── DATA SECTION
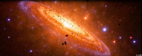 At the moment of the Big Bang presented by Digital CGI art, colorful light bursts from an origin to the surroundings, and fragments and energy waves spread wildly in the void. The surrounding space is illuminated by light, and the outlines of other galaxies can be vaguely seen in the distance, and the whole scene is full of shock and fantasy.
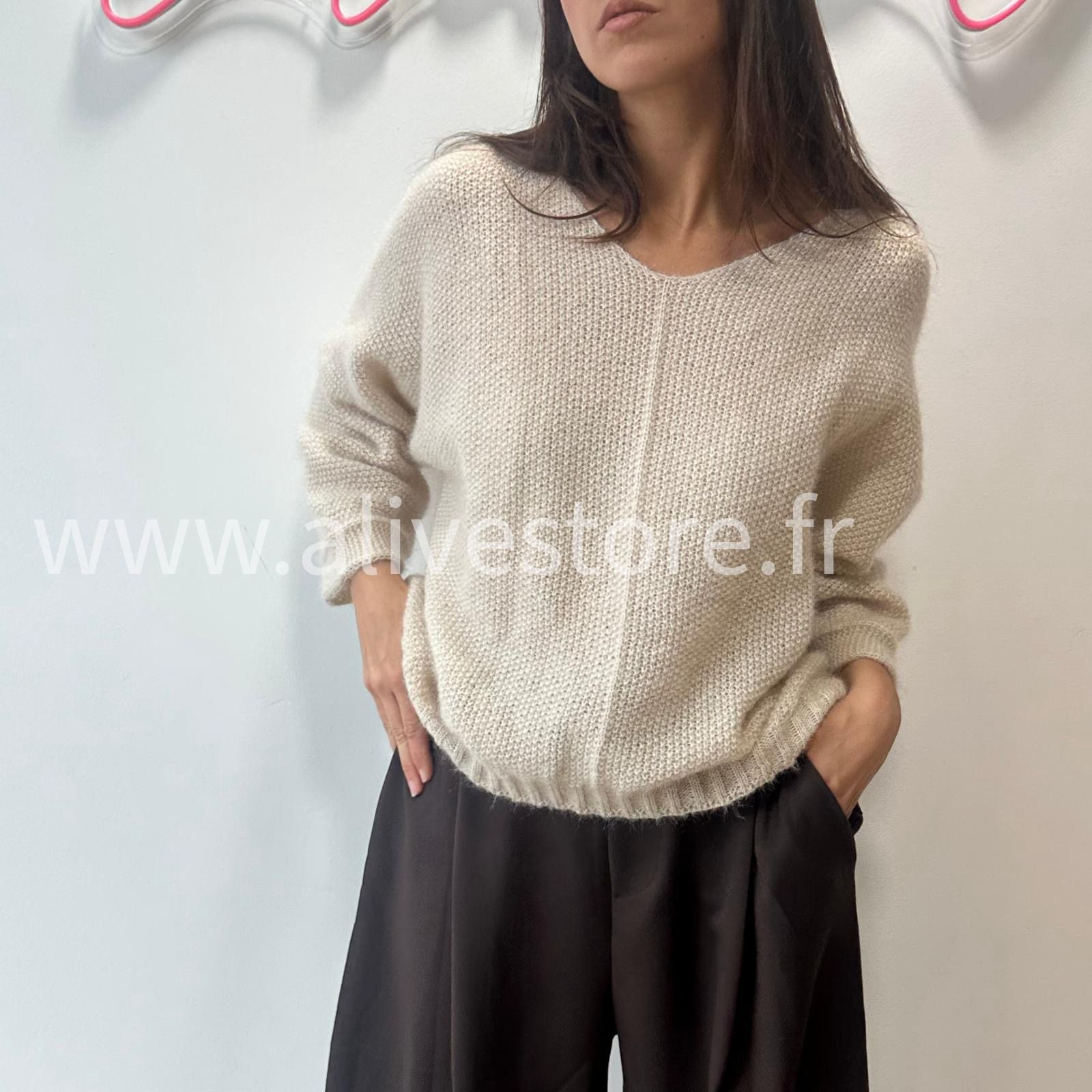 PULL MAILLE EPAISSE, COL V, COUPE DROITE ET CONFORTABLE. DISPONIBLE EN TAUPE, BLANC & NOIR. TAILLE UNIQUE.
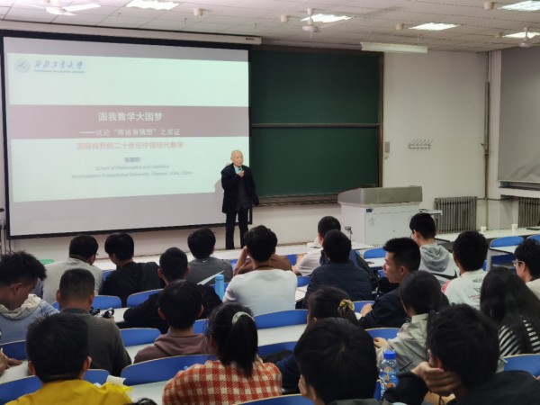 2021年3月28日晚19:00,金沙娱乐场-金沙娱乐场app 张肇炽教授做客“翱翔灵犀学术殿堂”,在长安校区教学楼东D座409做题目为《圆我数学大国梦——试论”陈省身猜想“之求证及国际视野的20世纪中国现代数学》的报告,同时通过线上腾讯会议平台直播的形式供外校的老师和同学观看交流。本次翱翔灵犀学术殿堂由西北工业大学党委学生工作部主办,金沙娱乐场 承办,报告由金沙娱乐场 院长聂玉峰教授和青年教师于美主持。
────
── DATA SECTION
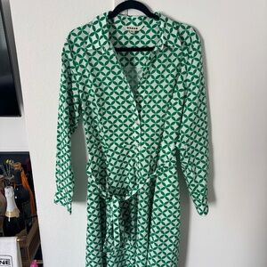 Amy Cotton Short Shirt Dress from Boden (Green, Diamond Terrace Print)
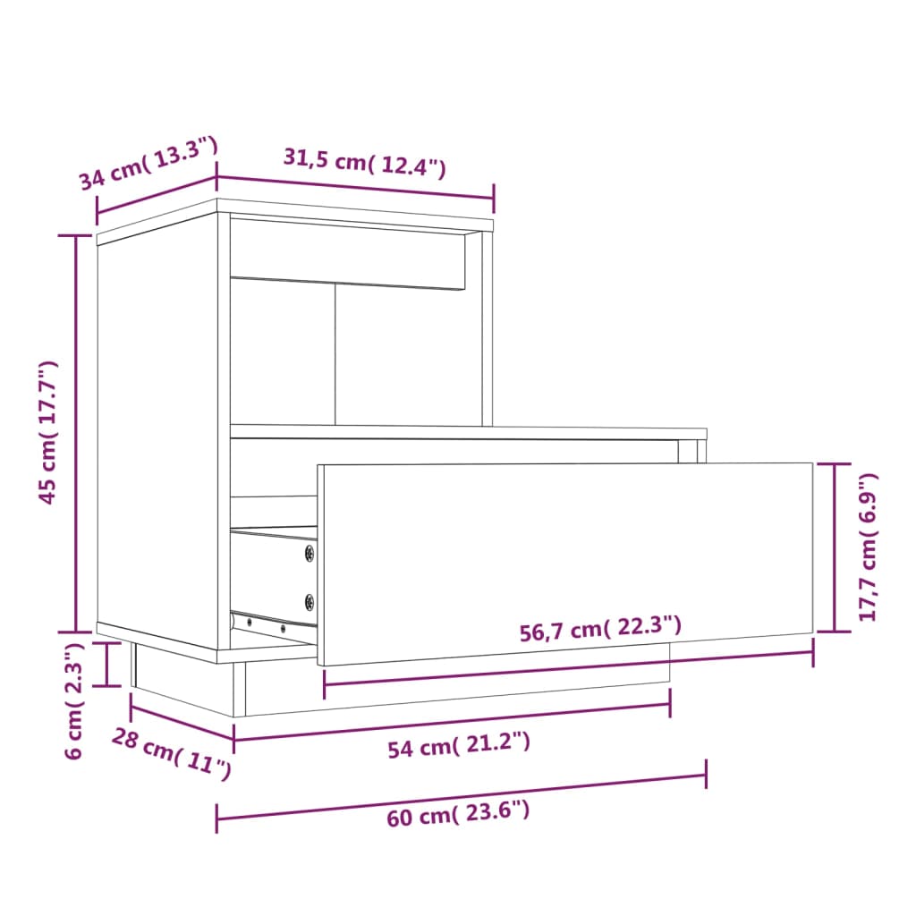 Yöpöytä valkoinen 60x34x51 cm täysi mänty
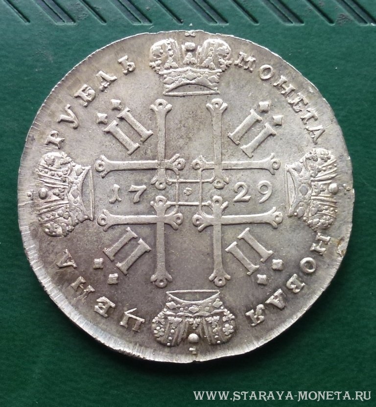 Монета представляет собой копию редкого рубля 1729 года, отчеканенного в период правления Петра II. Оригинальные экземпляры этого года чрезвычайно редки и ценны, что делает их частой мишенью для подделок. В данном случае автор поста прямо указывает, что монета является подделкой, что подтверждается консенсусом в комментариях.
────
── DATA SECTION
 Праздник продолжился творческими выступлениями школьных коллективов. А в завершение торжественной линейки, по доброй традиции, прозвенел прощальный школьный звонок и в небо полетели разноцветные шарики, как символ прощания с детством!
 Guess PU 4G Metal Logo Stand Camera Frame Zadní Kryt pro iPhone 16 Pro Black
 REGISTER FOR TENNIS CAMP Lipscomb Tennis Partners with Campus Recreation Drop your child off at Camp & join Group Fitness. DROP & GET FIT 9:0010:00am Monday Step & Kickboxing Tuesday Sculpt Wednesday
────
#### ABOUT THIS TASK
Above are the records; please give again, exactly and in full, only the lines that run from the line with "At the moment" through the line with "PULL MAILLE EPAISSE, COL", with no pictures.

#### ANSWER SECTION
 At the moment of the Big Bang presented by Digital CGI art, colorful light bursts from an origin to the surroundings, and fragments and energy waves spread wildly in the void. The surrounding space is illuminated by light, and the outlines of other galaxies can be vaguely seen in the distance, and the whole scene is full of shock and fantasy.
 PULL MAILLE EPAISSE, COL V, COUPE DROITE ET CONFORTABLE. DISPONIBLE EN TAUPE, BLANC & NOIR. TAILLE UNIQUE.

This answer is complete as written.